Bing Crosby found it 'really difficult' to sing White Christmas during World War II
Published in Entertainment News
Bing Crosby found it "really difficult" to perform 'White Christmas' to the troops during World War II.
The late crooner - who passed away in 1977 at the age of 74 - achieved the highest-selling single of all time with the festive classic but his nephew Howard Crosby has revealed how his uncle once performed it in an open-air field in France in 1944 for thousands of soldiers and struggled to get through it.
He told Fox News Digital: "I asked Uncle Bing one time, 'What was the single most difficult thing you ever had to do in your career?' We were out playing golf one day, and I didn't know what he was going to say.
"I didn't know if he was going to say, 'Well, it was, you know, learning lines for the movies or working with a difficult director.
"He didn't have to think about it at all. He said, 'Well, 1944, we were over with the USO troupe.' And he said, 'We gave an open-air concert for 15,000 GIs and British Tommies in an open-air field in France.
"Dinah Shaw and the Andrews Sisters were there. and we had a lot of laughs and the boys were having a wonderful time, great fun.' But he said at the end of the show, 'I had to sing "White Christmas." And I had to get through the song with 15,000 guys in tears and not break up myself.
"And a lot of those boys died the next week in the Battle of the Bulge."
Almost a decade later, Bing starred in 'White Christmas' as a solider who performed the song to the troops in 1944, but the song was initially written for 'Holiday Inn' in 1942.
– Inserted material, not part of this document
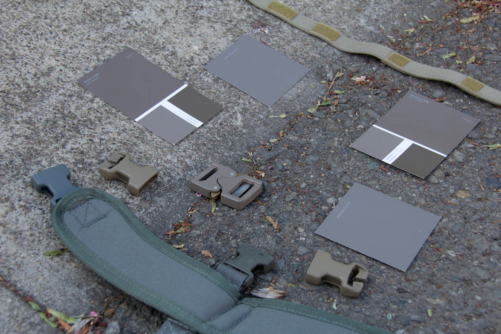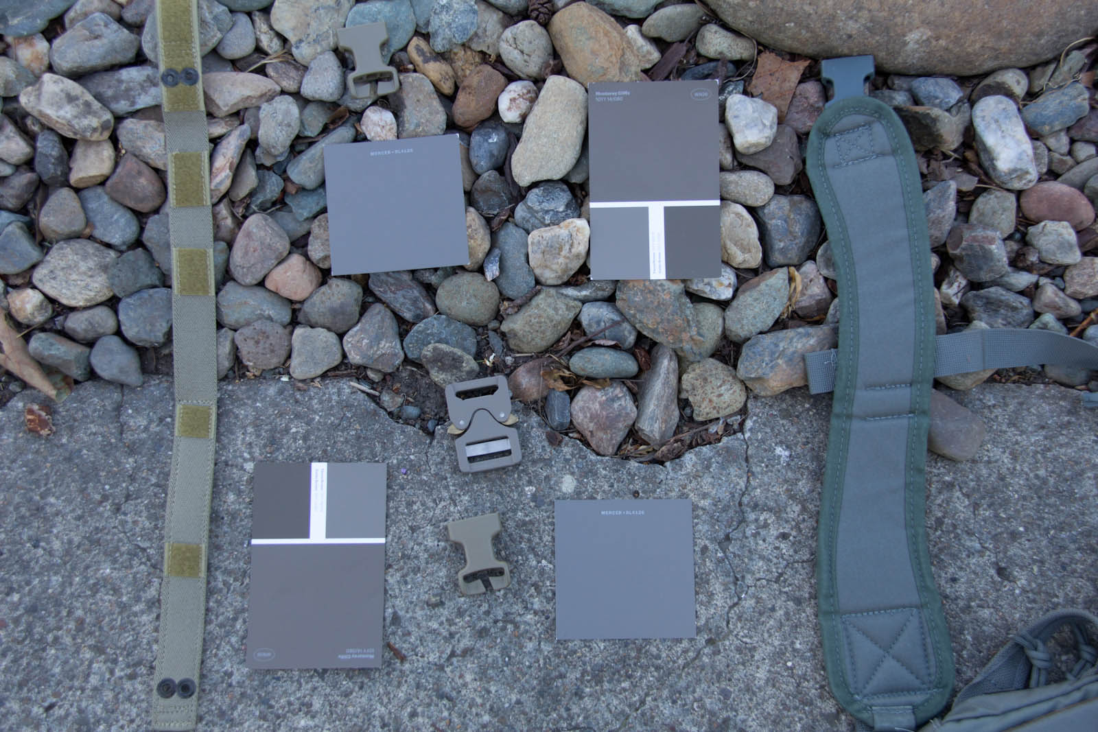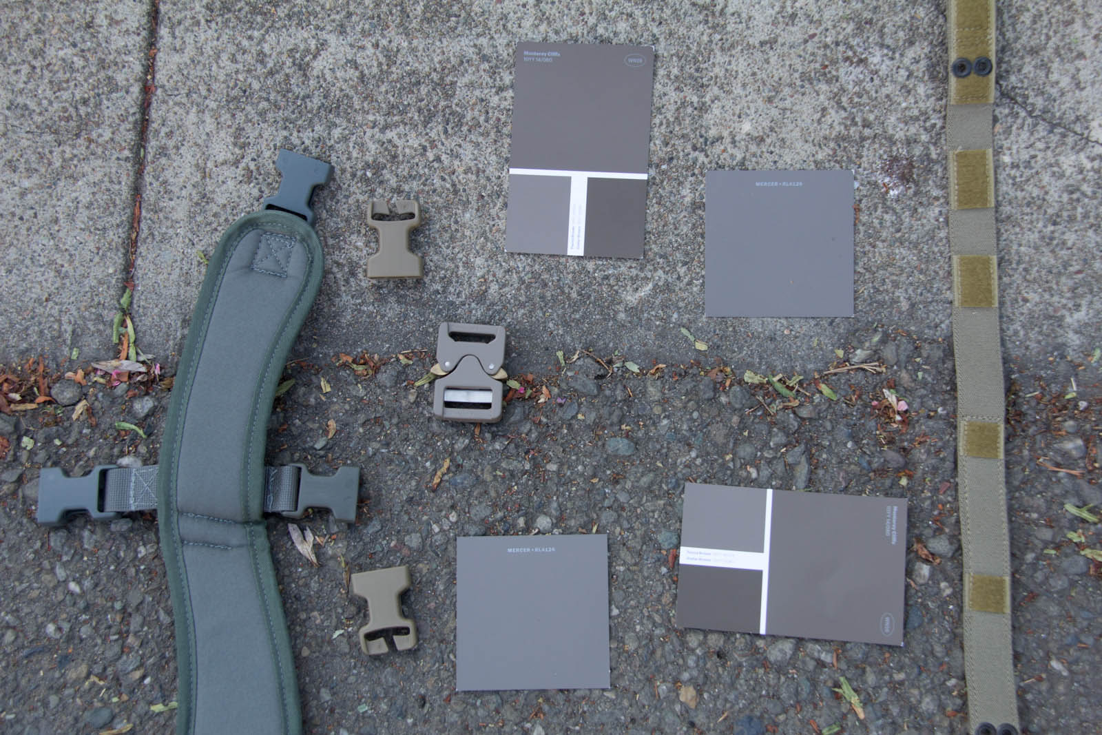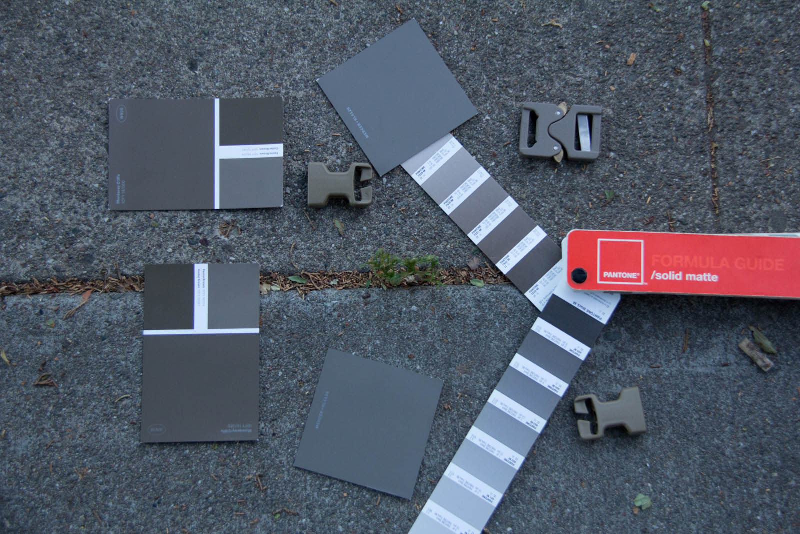 To expand my colors a bit and offer an easy way for others to get samples, I went on down to Home Depot to score some color cards. After more trial and error I was able to narrow things down to Fauna Brown 10YY 18/074 as seen on Glidden sample card WN26, this color happens to be very close to Elephant Grey as seen on recent Cobra Buckles. Additionally I found Mercer RL4126 from Ralph Lauren Paint cards at Home Depot to still be in the ballpark and to be more desaturated, thus looking closer to what people expect out of a grey. General observations from research so far in my area:
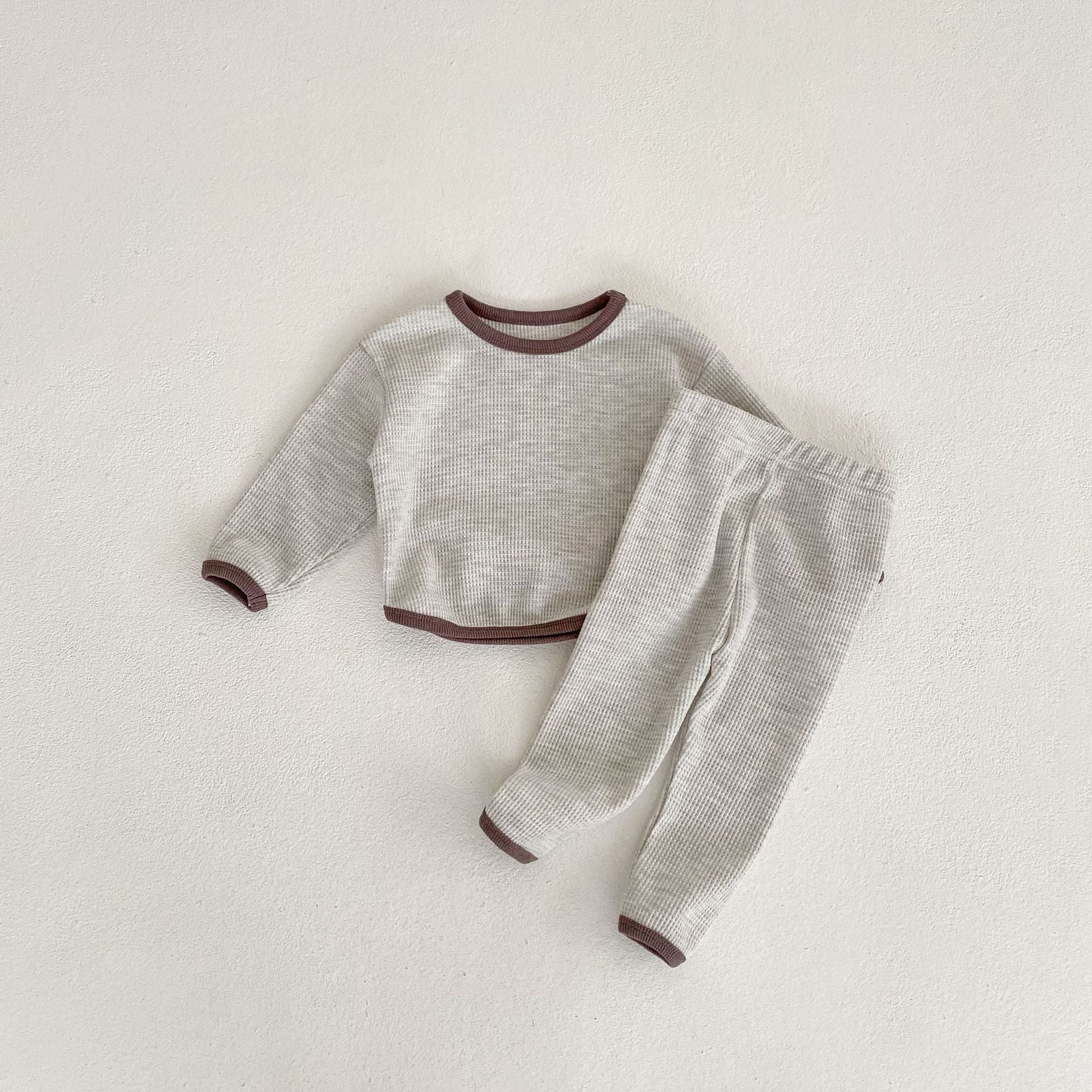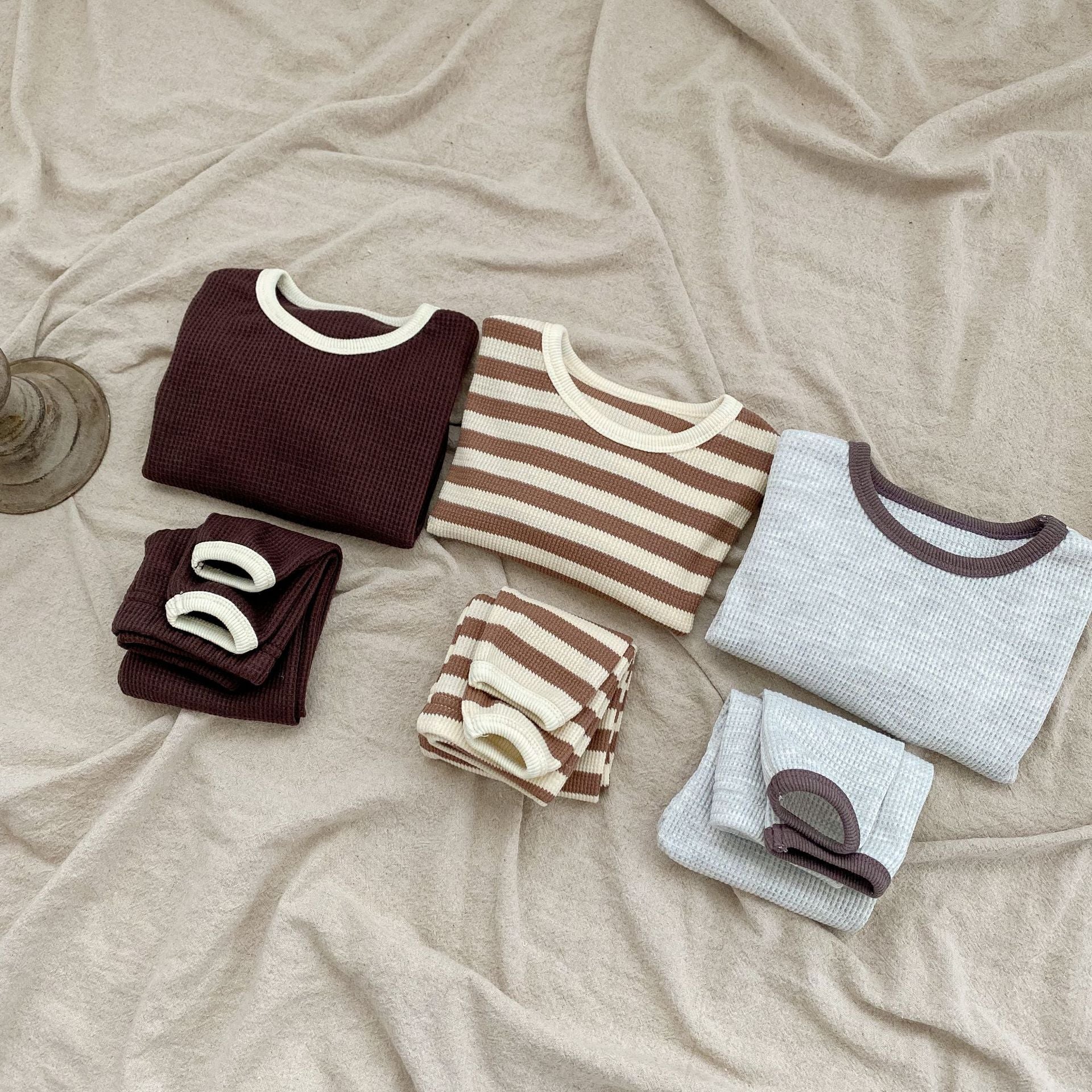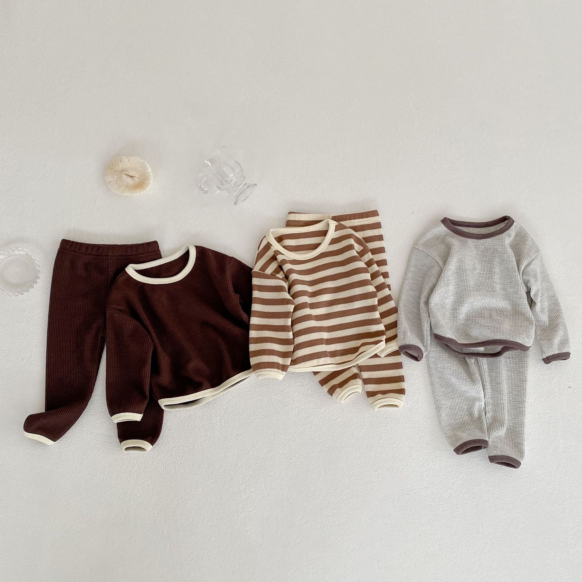 【BABY】韓国風ワッフル無地/ボーダーセットアップSK022906

At the time, composer Irving Berlin was said to be "very nervous" about the now-festive standard, but Bing himself had no worries about it at all.
Howard said: "But when they got to 'White Christmas' and Irving Berlin played that, supposedly Bing said to him - because Irving was always very nervous about whether the songs would be successful or people would like them - apparently Bing said to him, 'Don't worry about that one, Irving, that song is going to do just fine."